I have the same opinion would like to have seen it made of metal
Im quite clumsy so high risk of stamping on it with steel toe caps.
Not sure how long the blades last.


----------



## chrisb271 (Jul 6, 2007)

I made off five swa's with mine and the little blade seemed to be getting tired then,i donated mine to one of my lads in the end and went back to the trusty old eclipse junior hacksaw.
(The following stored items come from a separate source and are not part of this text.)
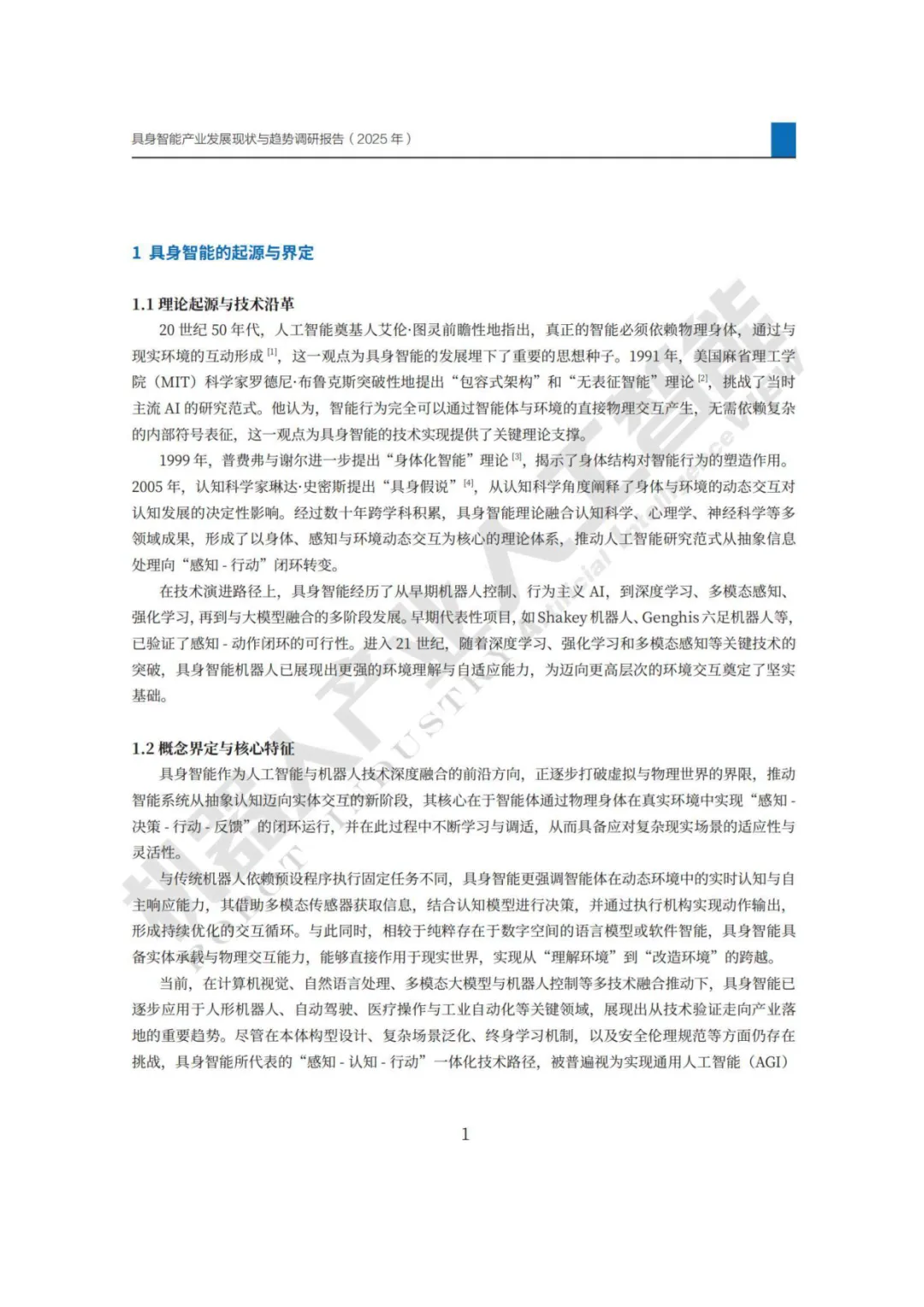 报告回顾了具身智能的理论起源与技术沿革,其思想可追溯至艾伦·图灵,并由罗德尼·布鲁克斯等人的理论奠基。核心概念在于智能体通过物理身体,在真实环境中实现“感知-决策-行动-反馈”的闭环,强调与环境的动态交互和实时响应能力,被视为实现通用人工智能(AGI)的关键阶梯。
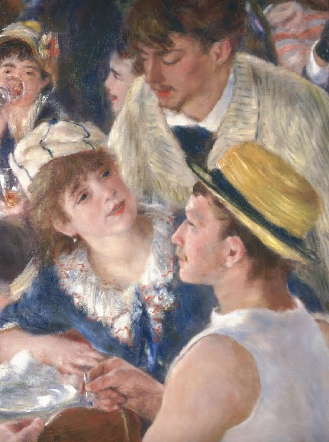 En bas à droite, assis, en marcel, Gustave Caillebotte, mécène et collègue-peintre de Renoir, représenté plus jeune, et le journaliste Adrien Maggiolo bavardent avec une autre actrice de l’époque, Angèle Legault.
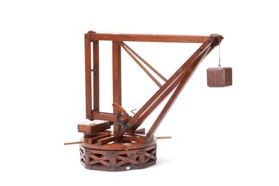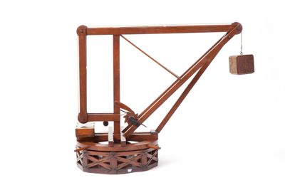 Questo modello è un'interpretazione di uno studio per una gru girevole, a braccio singolo, montata su un piattaforma circolare. Quest'ultima può ruotare su se stessa grazie a ruote che scorrono su un binario circolare. Il braccio ha due travi trasversali di rinforzo, e sta sollevando un peso tramita una corda che si avvolge su pulegge e infine su un rullo comandato da due manovelle laterali. Al rullo è collegata anche una ruota dentata fornita di dente d'arresto.
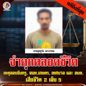 จำคุกตลอดชีวิต เหตุลอบยิงครู, จนท.เกษตร, เทศบาล และ อบต. เสียชีวิต 2 เจ็บ 5
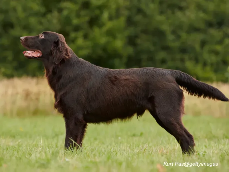 Their name comes from their distinctive flat-lying coat, which differs from the curly coat of Curly-Coated Retrievers or the dense undercoat of Labradors. Unlike other retrievers bred primarily for field work, Flat-Coats were always meant to be dual-purpose hunting dogs and family companions.
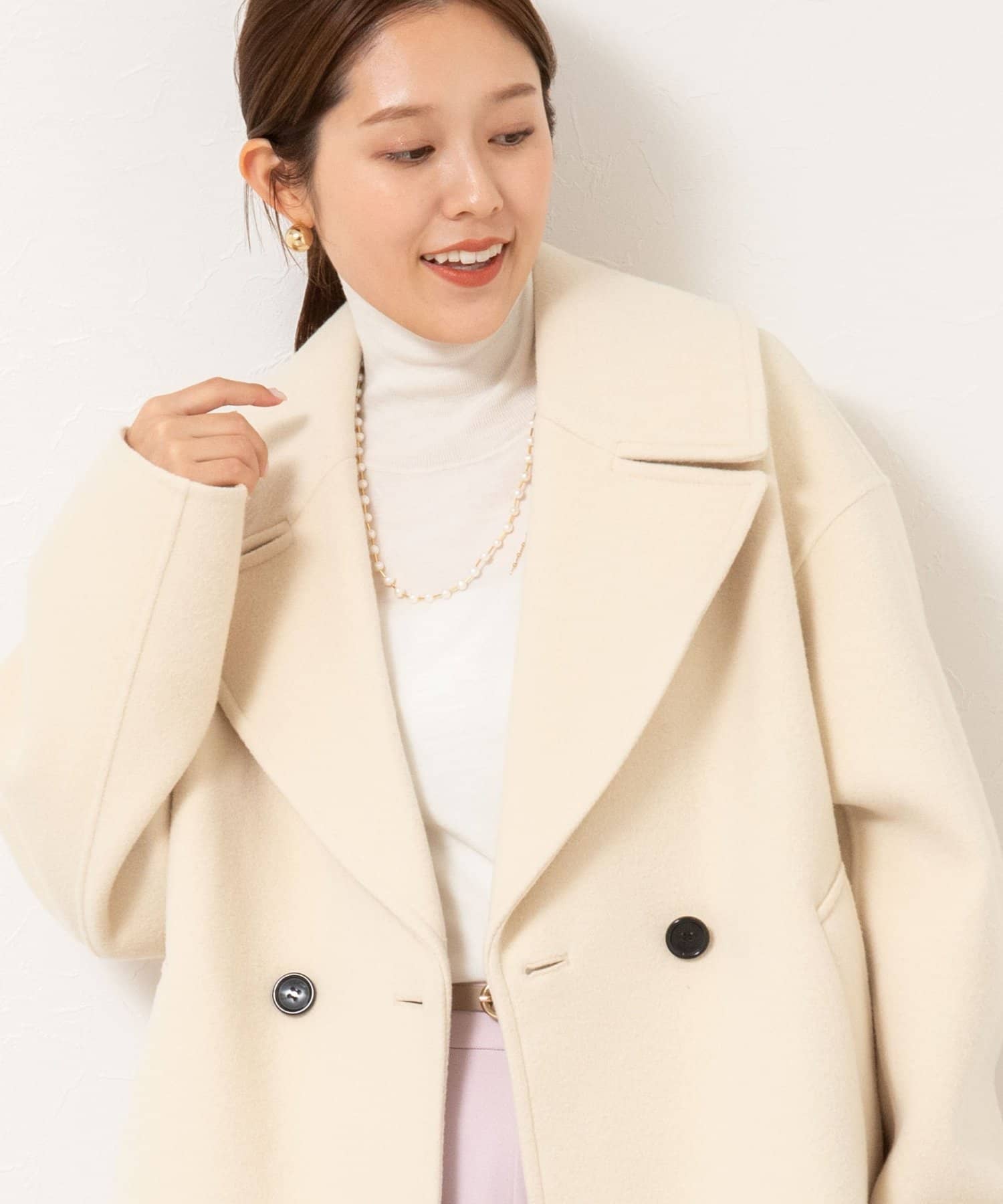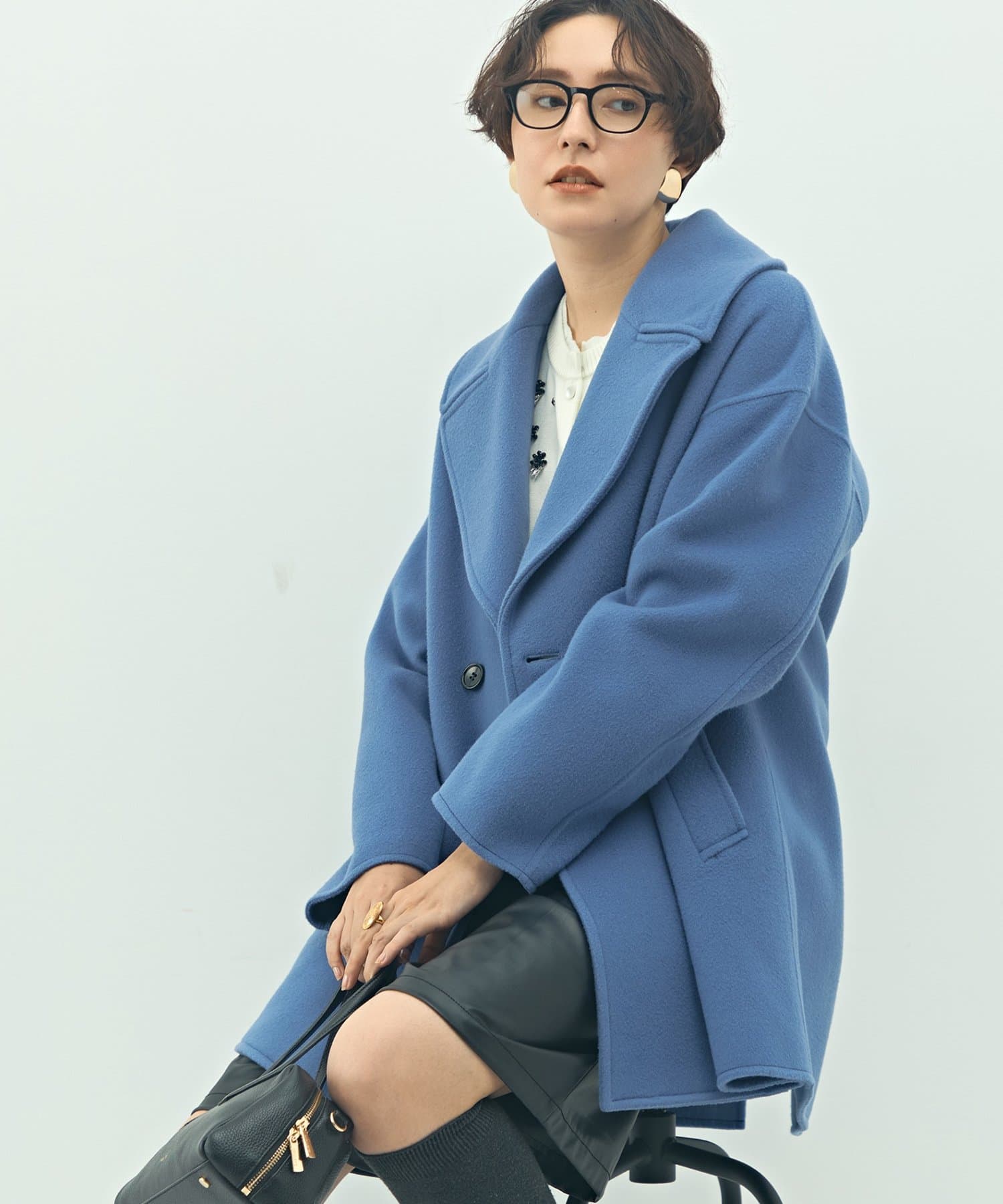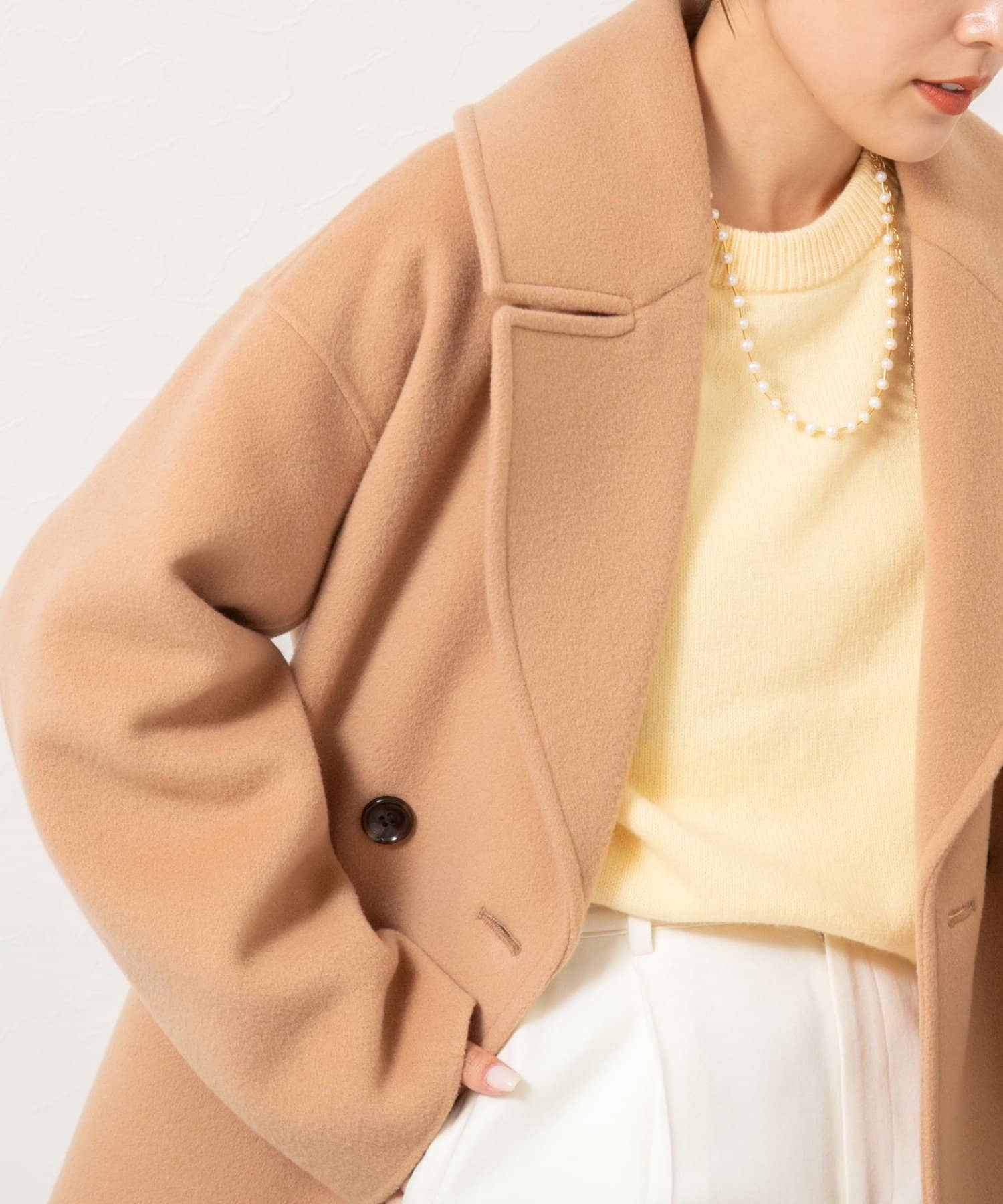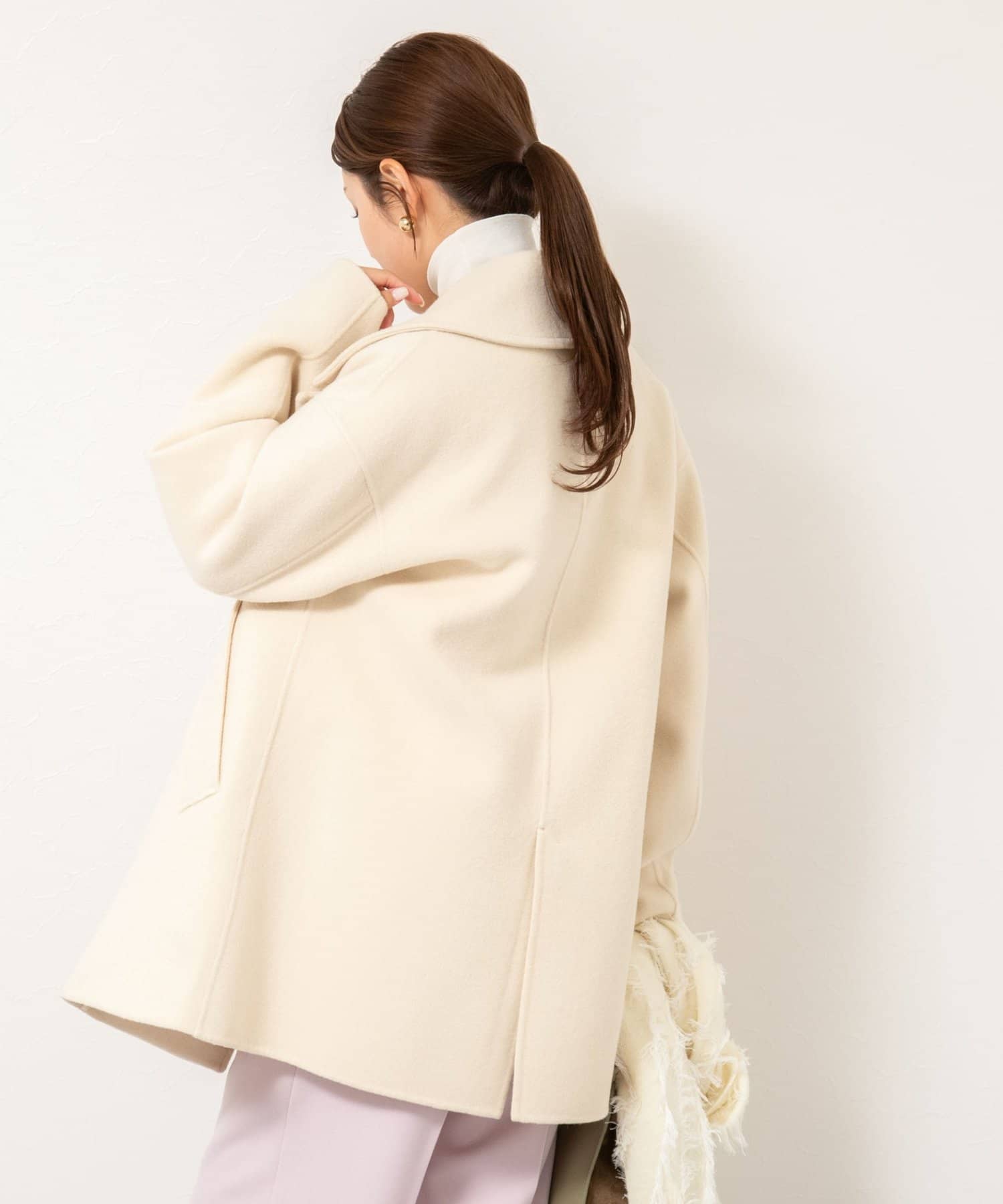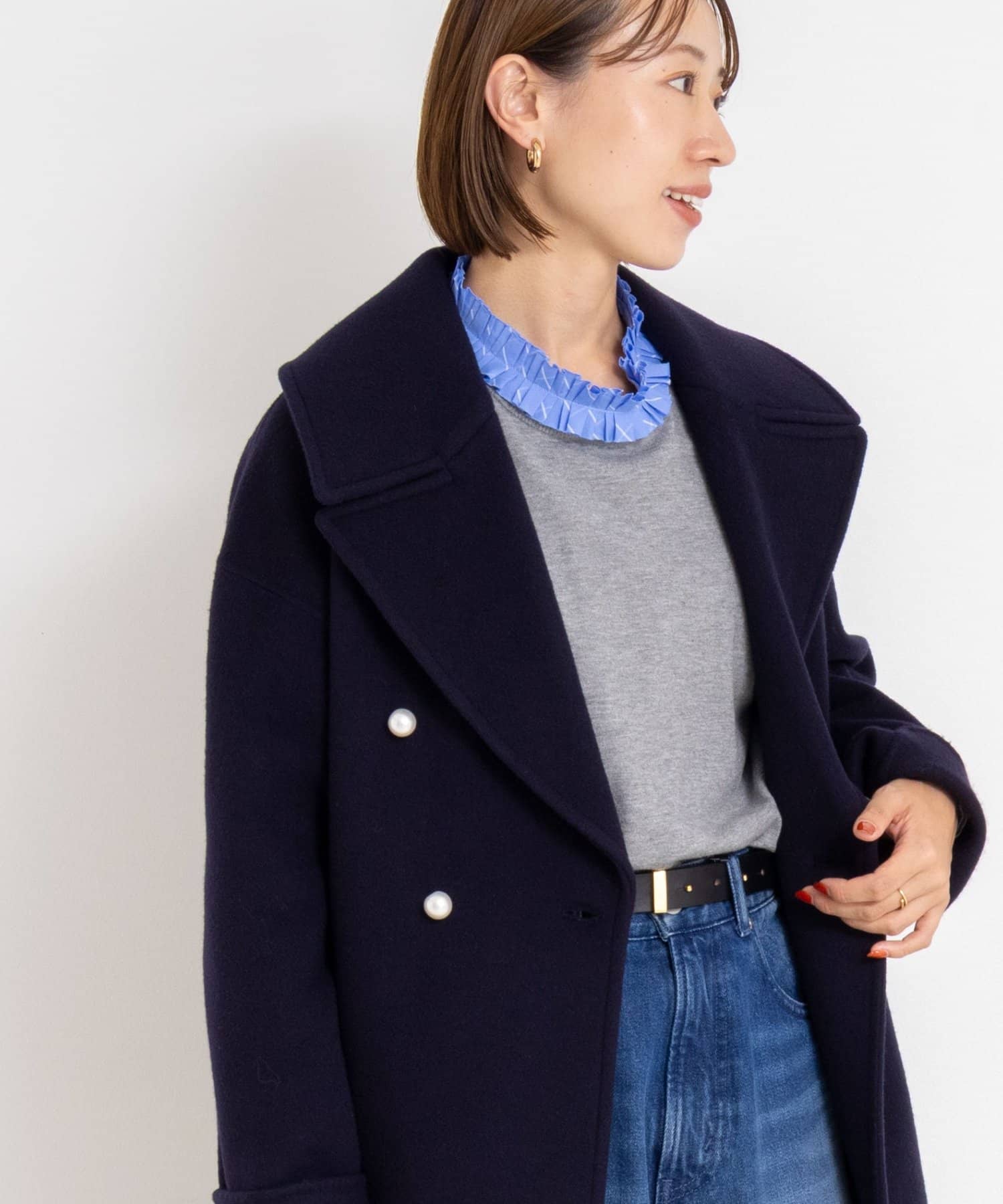 ・大き目の衿で顔周りにアクセントをつけて、小顔効果も◎

Its ok for the odd termination but can't see it lasting very long,i got bored with it and changed its name a few times when it knackered a couple of 1.5 3 and 4cores  


Chris


----------



## cornishsparks (Oct 14, 2007)

Seems to only work on some brands of SWA not all,
All the hype and its not worth it, the NICIEC where flogging them at their 17th edition seminar.
Been thinking for along time we use SWA for most 3 phase applications unessecessary could use SY cable.
Can you still get DELTA/DRAKA HITUF cable ?


----------



## chrisb271 (Jul 6, 2007)

Cornish

A lot of leckies in the Nottingham and Lincolnshire area use SY and YY on tray for motors and other control gear,its a lot easier to terminate a stuffing gland that it is an swa :whistling2: 

I haven't seen that Delta cable for ages :no: 

Chris


----------